Your instructions: In the entries that follow, find the line containing "Jeans acampanados con" and the line containing "GOWN FABRIC :- HEAVY", then retype exactly the lines from the first through the second, pictures excluded.

Data extracts:
+ + +

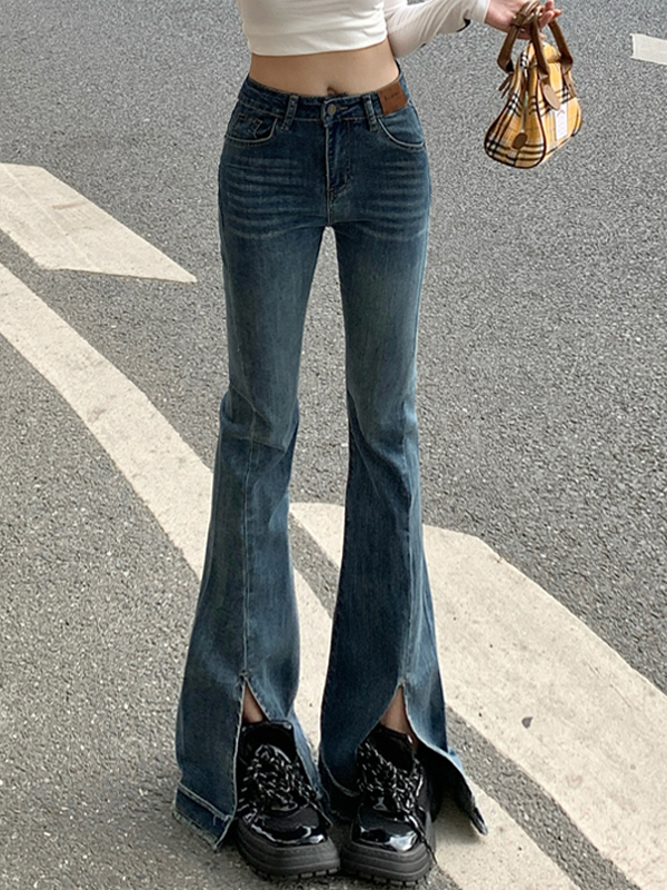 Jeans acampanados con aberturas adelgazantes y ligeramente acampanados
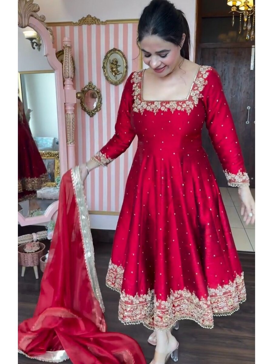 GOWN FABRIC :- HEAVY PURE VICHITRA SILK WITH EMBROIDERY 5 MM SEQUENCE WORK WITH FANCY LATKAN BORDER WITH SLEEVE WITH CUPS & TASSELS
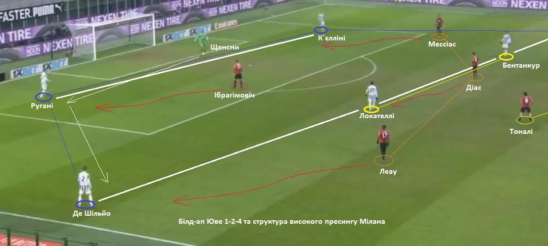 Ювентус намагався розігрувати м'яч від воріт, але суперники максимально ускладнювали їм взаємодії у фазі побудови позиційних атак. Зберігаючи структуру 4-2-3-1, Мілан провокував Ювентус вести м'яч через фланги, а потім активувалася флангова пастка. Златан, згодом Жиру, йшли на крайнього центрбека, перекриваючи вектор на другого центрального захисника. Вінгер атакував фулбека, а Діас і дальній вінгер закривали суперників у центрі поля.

+ + +

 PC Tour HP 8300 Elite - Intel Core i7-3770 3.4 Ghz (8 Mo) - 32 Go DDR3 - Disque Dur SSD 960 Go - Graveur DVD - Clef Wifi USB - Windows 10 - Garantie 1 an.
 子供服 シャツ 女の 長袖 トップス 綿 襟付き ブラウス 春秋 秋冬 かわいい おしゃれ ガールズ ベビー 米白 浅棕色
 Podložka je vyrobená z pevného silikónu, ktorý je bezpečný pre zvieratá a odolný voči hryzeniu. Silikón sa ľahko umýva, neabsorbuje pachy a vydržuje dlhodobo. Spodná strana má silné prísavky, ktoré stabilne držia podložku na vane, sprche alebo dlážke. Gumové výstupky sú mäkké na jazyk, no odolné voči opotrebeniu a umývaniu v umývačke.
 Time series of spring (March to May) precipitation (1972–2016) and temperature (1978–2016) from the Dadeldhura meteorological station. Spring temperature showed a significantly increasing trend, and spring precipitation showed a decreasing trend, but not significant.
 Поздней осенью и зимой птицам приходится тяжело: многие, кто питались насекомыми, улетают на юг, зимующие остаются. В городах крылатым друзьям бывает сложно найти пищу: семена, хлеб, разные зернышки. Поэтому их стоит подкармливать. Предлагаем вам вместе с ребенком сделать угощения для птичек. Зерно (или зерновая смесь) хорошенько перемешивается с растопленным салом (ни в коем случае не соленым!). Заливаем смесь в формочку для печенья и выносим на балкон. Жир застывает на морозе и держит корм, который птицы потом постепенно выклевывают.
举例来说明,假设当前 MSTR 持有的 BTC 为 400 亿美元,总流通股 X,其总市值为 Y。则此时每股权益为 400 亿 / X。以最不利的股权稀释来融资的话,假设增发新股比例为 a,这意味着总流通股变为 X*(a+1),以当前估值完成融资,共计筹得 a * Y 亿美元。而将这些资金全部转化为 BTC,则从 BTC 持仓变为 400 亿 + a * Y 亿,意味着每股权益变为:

+ + +

Response for this exercise:
 Jeans acampanados con aberturas adelgazantes y ligeramente acampanados
 GOWN FABRIC :- HEAVY PURE VICHITRA SILK WITH EMBROIDERY 5 MM SEQUENCE WORK WITH FANCY LATKAN BORDER WITH SLEEVE WITH CUPS & TASSELS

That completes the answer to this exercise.